I’m a Man is a book about rock music that, in common with many less spurtily bizarre examples of its genre, has almost nothing to say about music. When Padel riffs on “violence” in rock (Eros and Mars, natch), she fails to distinguish precisely between actual violence that happens around music (Altamont), violent lyrical content, and some vague way in which the music itself might be enacting violence.
But is heavy metal really more “violent” than, say, The Rite of Spring? Is rock music in general really more heavily laden with “fierce ideology” than the use of Wagner during the Third Reich, than Beethoven’s soaring paean to the French Revolution? Padel doesn’t address such questions, and she lacks the musical apparatus to notice that heavy metal, with its gleeful tinsel of arpeggios and grandiose diminished-chord progressions, is just as indebted to baroque and early classical music as it is to African-American blues.
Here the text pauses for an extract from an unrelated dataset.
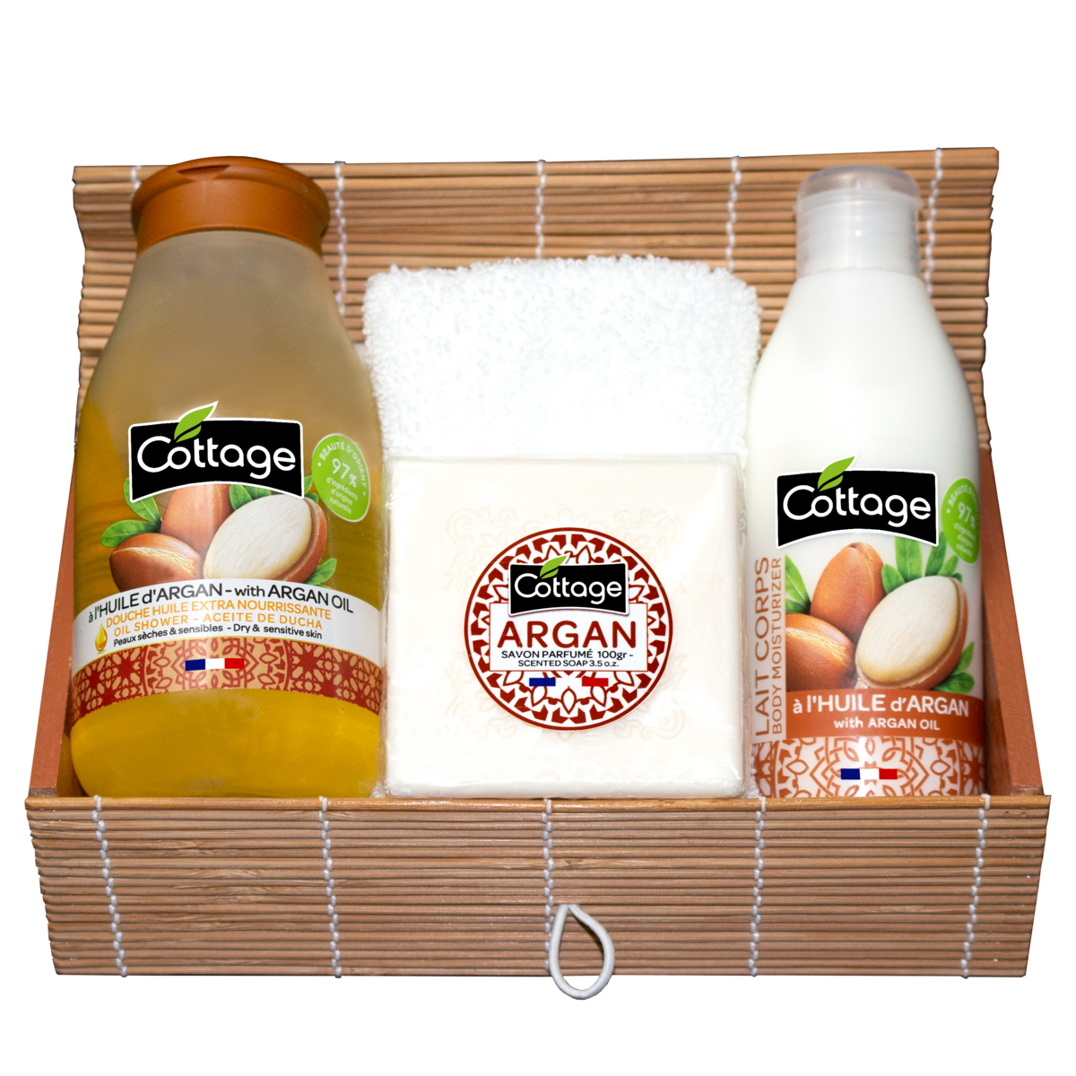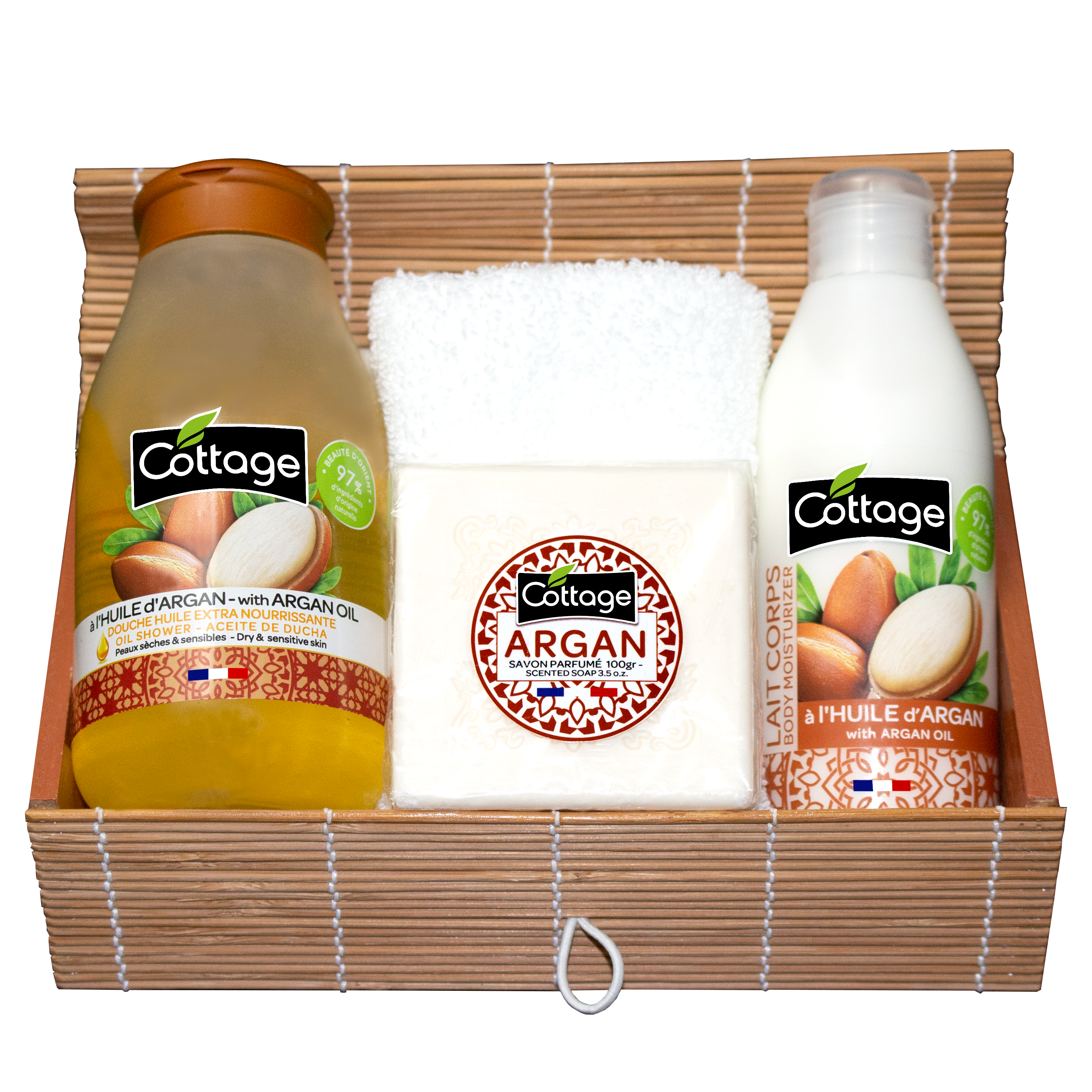 Douche Argan : Aqua (Water), Ammonium Lauryl Sulfate, Cocamidopropyl Betaine, Decyl Glucoside, Glycerin, Parfum (Fragrance), Citric Acid, Coco-Glucoside, Glyceryl Oleate, PEG-40 Hydrogenated Castor Oil, Argania Spinosa Kernel Oil, Sodium Hydroxide, Tocopherol, Hydrogenated Palm Glycerides Citrate, Sodium Benzoate, Benzoic Acid, CI 19140 (Yellow 5), CI 15510 (Orange 4). Lait Corps : Aqua (Water), Helianthus Annuus (Sunflower) Seed Oil, Caprylic/Capric Triglyceride, Glycerin, Dicaprylyl Carbonate, Glyceryl Stearate, PEG-100 Stearate, Butyrospermum Parkii (Shea) Butter, Glyceryl Behenate, Xanthan Gum, Cetyl Alcohol, Argania Spinosa Kernel Oil, Citric Acid, Sodium Hydroxide, Dehydroacetic Acid, Parfum (Fragrance), Benzyl Alcohol. Savon : Sodium Palmate, Sodium Palm Kernelate, Aqua (Water), Parfum (Fragrance), Palm Acid, Sodium Thiosulfate, Glycerin, Palm Kernel Acid, Sodium Chloride, Argania Spinosa Kernel Oil, Tetrasodium EDTA, Sodium Hydroxide, Tetrasodium Etidronate.

Heavy metal, Padel thinks, sounds like “menacing metallic destruction, evoking machine-like killing”. Actually, I’d suggest quite the opposite. Heavy metal, a mainly working-class genre today, is often - as with the epically amplified protest group Rage Against the Machine, the true heirs of Dylan - a radical appropriation of machinic noise with which its musicians forge something lithe, rebellious and passionately humanist, something overtly political to which its alienated fans can cleave. Such artists really might be said to be the sons of Prometheus. Sadly, Padel’s book is so cock-obsessed that she cannot see beyond her favoured image of men playing only with themselves.